TASK OBJECTIVE: Make an exact transcript of the lines in the data below, starting with the one containing "Вручную откованная лопата" and going on through the one containing "DLA LUBELSKIEGO ...", with both included and the pictures left out.

RECORDS:
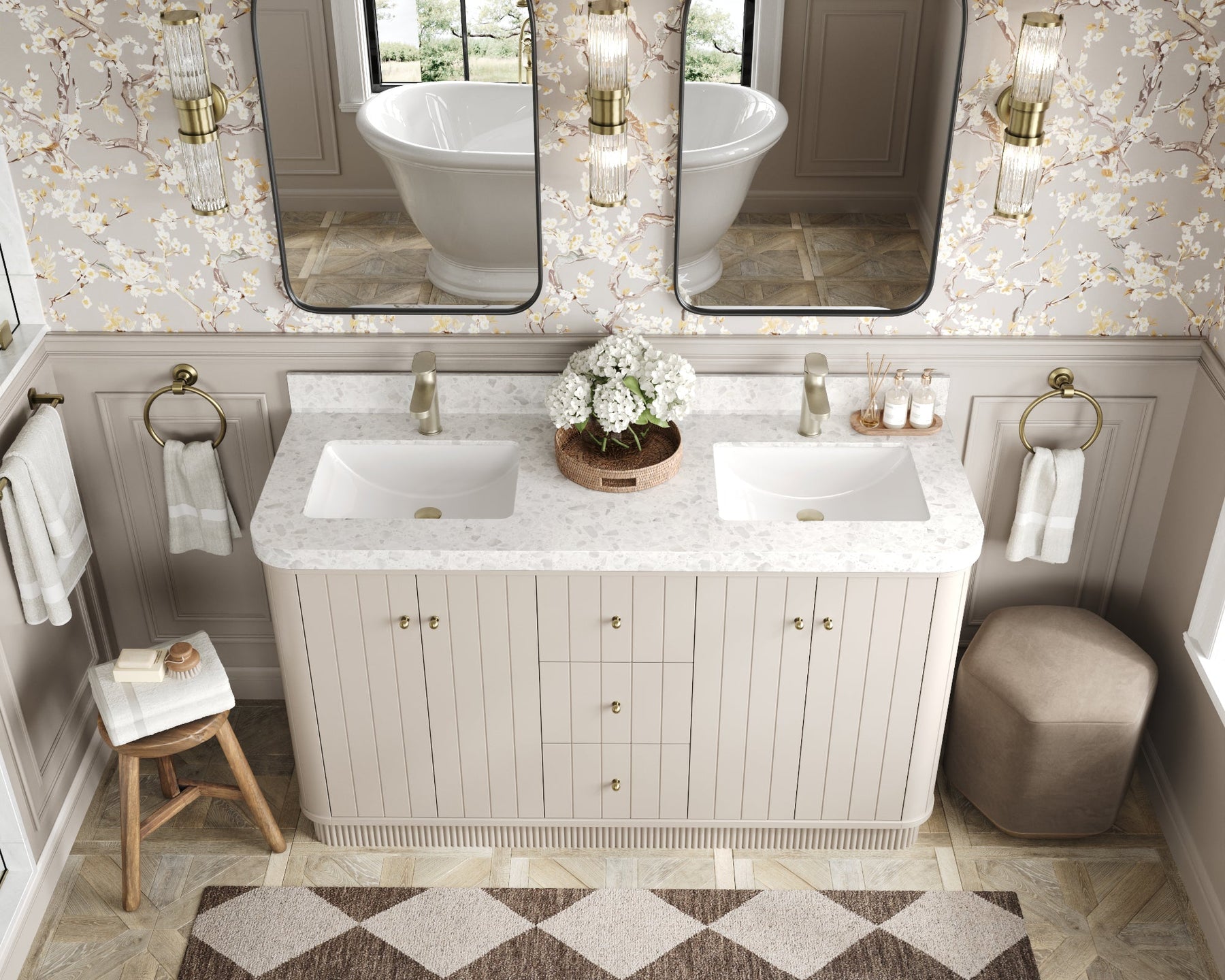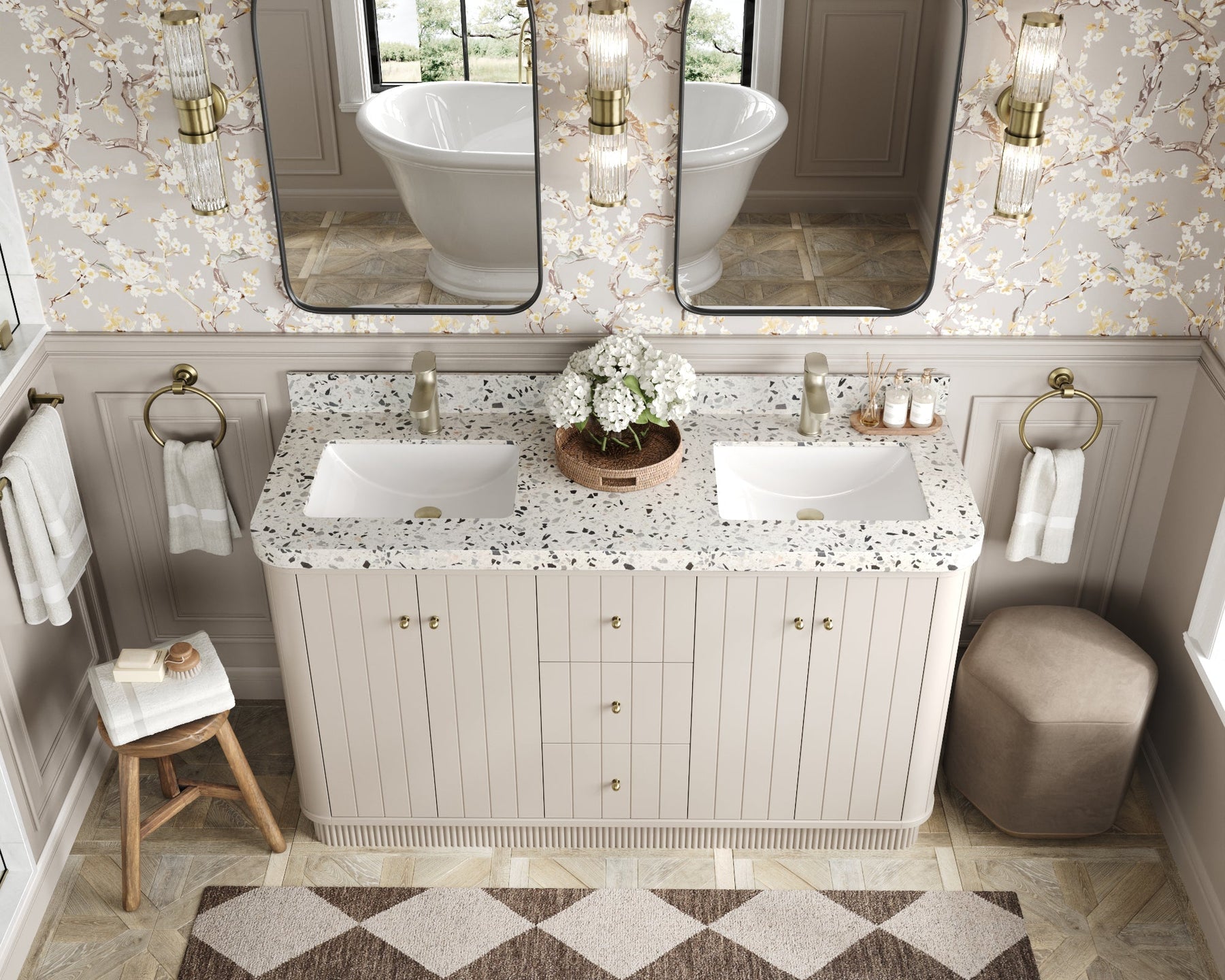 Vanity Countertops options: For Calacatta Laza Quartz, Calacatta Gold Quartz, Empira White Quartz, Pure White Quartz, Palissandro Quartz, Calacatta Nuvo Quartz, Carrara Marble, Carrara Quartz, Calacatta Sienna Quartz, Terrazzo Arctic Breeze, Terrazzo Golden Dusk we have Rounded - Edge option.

--

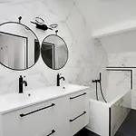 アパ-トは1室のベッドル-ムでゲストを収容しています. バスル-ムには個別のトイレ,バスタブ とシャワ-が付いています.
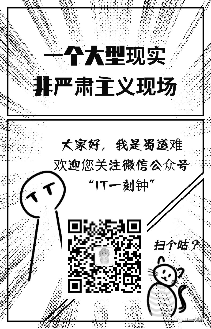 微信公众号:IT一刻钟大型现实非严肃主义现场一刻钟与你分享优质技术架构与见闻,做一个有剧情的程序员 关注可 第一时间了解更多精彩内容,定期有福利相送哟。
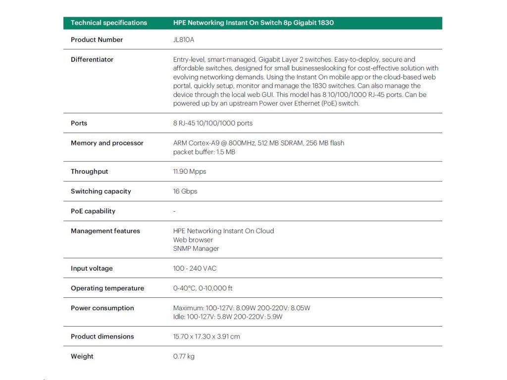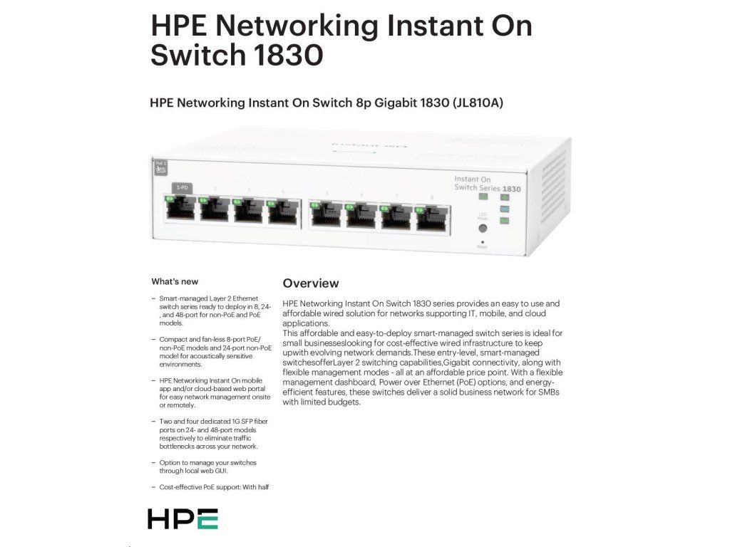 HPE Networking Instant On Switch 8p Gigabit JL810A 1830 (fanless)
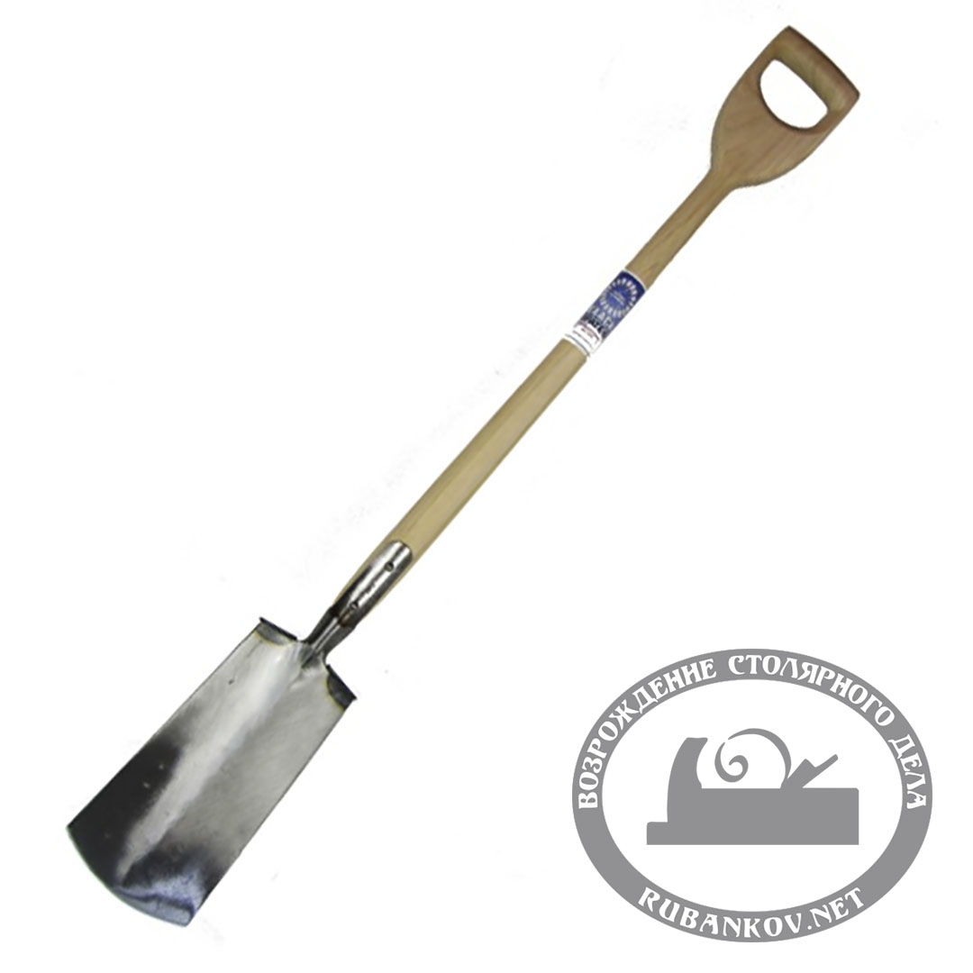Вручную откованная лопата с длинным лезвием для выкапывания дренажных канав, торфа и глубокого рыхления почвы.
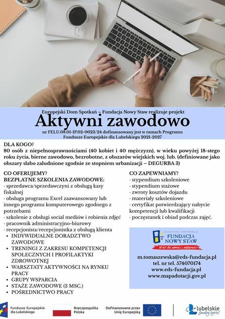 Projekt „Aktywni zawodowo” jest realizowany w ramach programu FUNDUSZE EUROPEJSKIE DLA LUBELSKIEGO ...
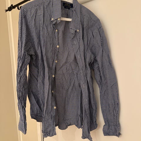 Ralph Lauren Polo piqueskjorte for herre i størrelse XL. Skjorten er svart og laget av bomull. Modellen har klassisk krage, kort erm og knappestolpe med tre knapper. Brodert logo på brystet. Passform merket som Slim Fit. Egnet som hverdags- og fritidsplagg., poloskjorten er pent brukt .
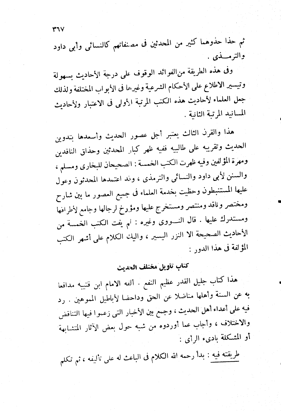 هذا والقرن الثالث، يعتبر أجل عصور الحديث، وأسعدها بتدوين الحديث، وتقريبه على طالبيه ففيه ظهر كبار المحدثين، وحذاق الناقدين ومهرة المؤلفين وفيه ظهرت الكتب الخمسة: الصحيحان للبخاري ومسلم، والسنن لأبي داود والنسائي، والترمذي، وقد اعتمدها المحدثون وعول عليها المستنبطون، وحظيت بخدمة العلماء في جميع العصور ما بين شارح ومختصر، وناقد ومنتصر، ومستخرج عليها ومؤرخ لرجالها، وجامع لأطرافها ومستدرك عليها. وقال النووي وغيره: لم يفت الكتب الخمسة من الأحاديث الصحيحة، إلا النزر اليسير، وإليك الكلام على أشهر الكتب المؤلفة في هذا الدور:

--

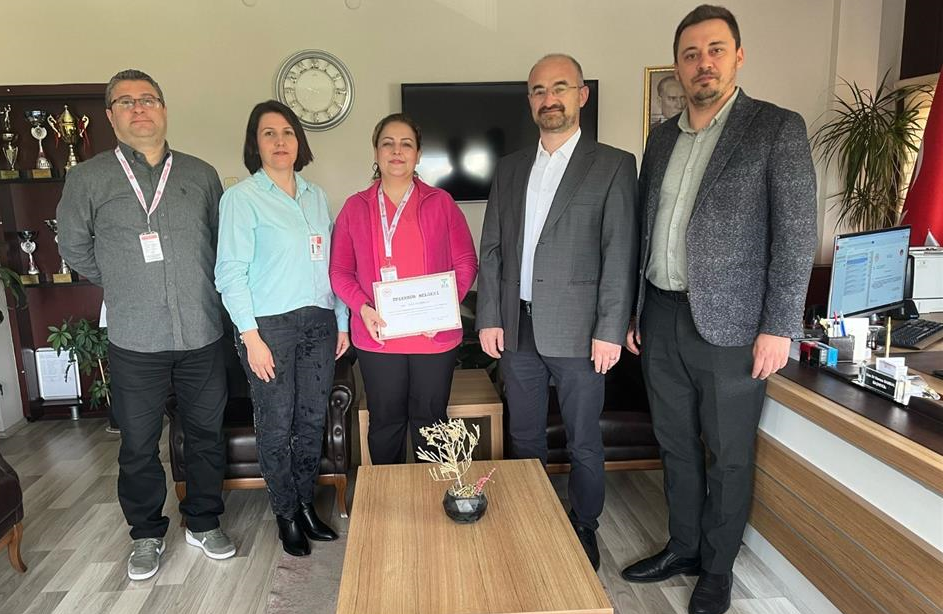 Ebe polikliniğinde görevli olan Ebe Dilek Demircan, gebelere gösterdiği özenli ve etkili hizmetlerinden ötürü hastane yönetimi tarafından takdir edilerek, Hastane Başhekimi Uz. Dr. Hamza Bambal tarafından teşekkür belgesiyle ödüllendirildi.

YOUR RESPONSE:
Вручную откованная лопата с длинным лезвием для выкапывания дренажных канав, торфа и глубокого рыхления почвы.
 Projekt „Aktywni zawodowo” jest realizowany w ramach programu FUNDUSZE EUROPEJSKIE DLA LUBELSKIEGO ...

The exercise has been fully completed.